> **What you have to do**
Range to copy from the entries below: the line containing "Rustic country barn" through the line containing "For a second, my", inclusive. Retype only those lines, exactly, without any images.

#### Data supplied

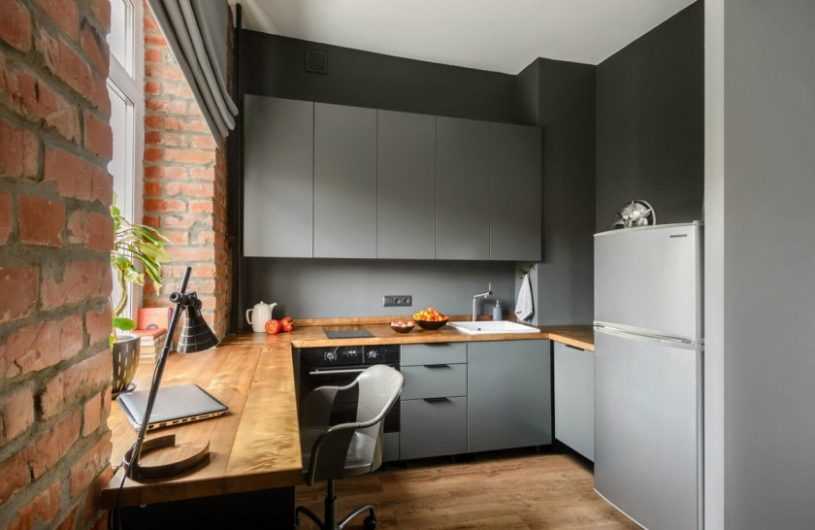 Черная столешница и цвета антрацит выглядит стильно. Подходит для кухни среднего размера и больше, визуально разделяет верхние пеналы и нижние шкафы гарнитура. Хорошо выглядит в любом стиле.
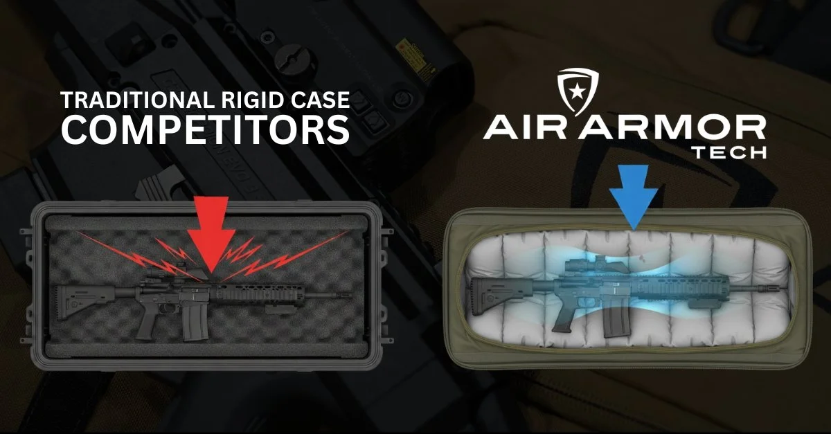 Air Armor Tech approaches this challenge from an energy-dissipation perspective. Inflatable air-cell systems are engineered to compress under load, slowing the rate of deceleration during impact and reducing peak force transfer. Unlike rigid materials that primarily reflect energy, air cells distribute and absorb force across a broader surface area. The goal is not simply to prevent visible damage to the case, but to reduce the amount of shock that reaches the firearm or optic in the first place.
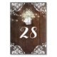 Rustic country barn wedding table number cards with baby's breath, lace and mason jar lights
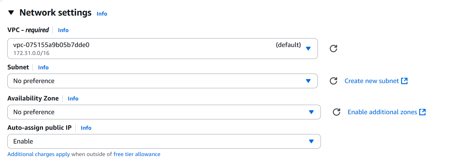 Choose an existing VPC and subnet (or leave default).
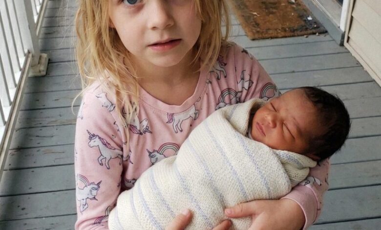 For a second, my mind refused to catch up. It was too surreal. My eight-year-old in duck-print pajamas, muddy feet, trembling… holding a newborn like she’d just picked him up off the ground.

########
#### Data supplied

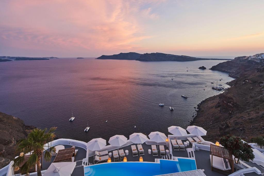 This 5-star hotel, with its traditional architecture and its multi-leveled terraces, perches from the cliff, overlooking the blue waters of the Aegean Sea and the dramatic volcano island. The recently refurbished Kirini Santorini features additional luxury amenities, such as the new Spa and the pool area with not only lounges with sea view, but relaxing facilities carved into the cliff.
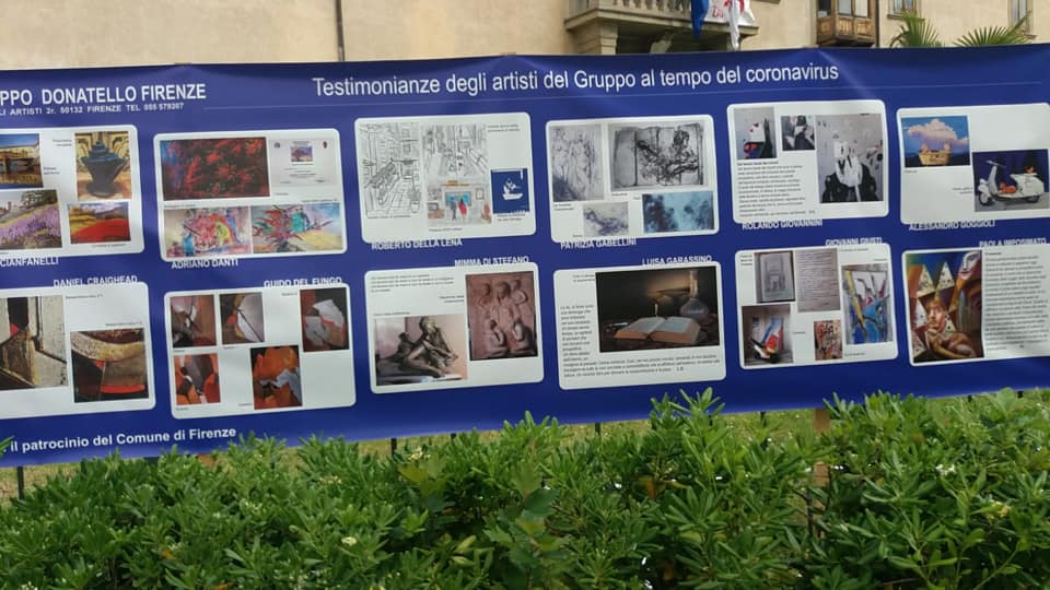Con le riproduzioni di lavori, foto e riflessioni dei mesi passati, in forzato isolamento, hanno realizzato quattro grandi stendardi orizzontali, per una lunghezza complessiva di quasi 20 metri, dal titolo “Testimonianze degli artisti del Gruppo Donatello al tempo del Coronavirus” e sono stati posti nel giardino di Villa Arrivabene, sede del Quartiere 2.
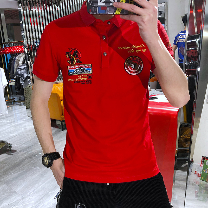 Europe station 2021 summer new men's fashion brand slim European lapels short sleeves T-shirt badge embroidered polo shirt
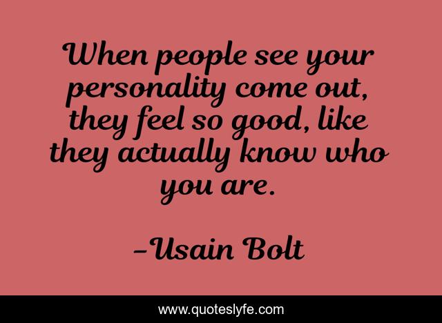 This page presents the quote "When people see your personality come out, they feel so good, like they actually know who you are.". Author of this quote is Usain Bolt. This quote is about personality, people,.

########
#### Data supplied

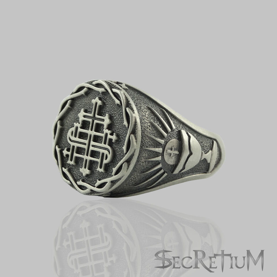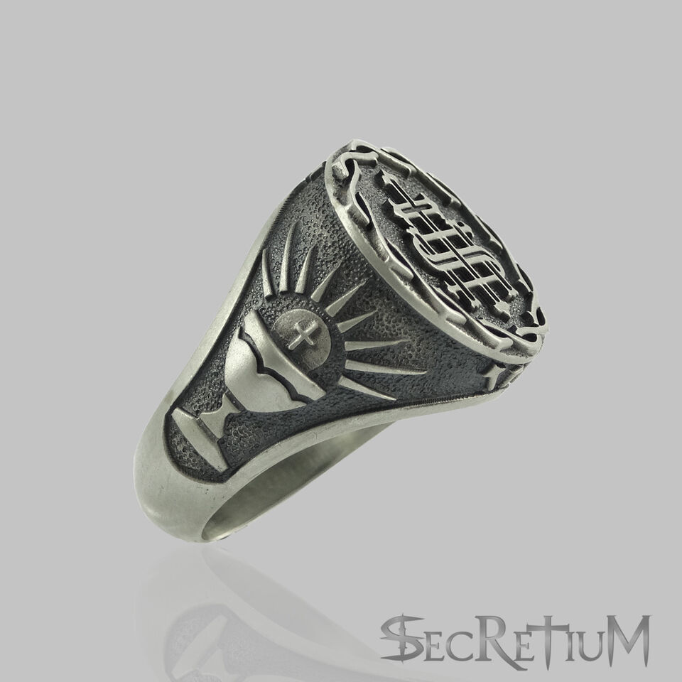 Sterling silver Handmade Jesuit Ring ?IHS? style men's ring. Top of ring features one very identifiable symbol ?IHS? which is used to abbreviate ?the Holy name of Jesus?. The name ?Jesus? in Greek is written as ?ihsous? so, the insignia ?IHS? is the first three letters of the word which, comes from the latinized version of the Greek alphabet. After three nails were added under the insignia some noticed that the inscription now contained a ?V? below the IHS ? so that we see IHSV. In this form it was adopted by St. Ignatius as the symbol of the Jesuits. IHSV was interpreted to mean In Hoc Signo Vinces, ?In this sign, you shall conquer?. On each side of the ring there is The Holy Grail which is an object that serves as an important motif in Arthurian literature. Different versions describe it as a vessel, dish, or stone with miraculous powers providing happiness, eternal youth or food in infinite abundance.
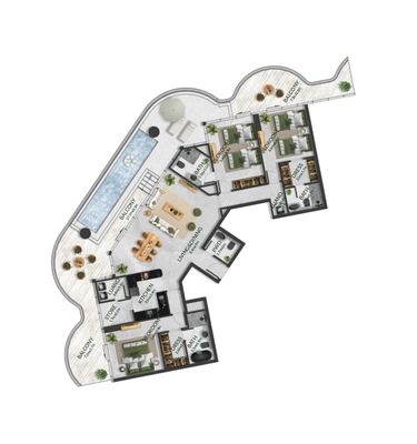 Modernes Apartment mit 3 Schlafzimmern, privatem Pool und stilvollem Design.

########

> **Response to this task**
 Rustic country barn wedding table number cards with baby's breath, lace and mason jar lights
 Choose an existing VPC and subnet (or leave default).
 For a second, my mind refused to catch up. It was too surreal. My eight-year-old in duck-print pajamas, muddy feet, trembling… holding a newborn like she’d just picked him up off the ground.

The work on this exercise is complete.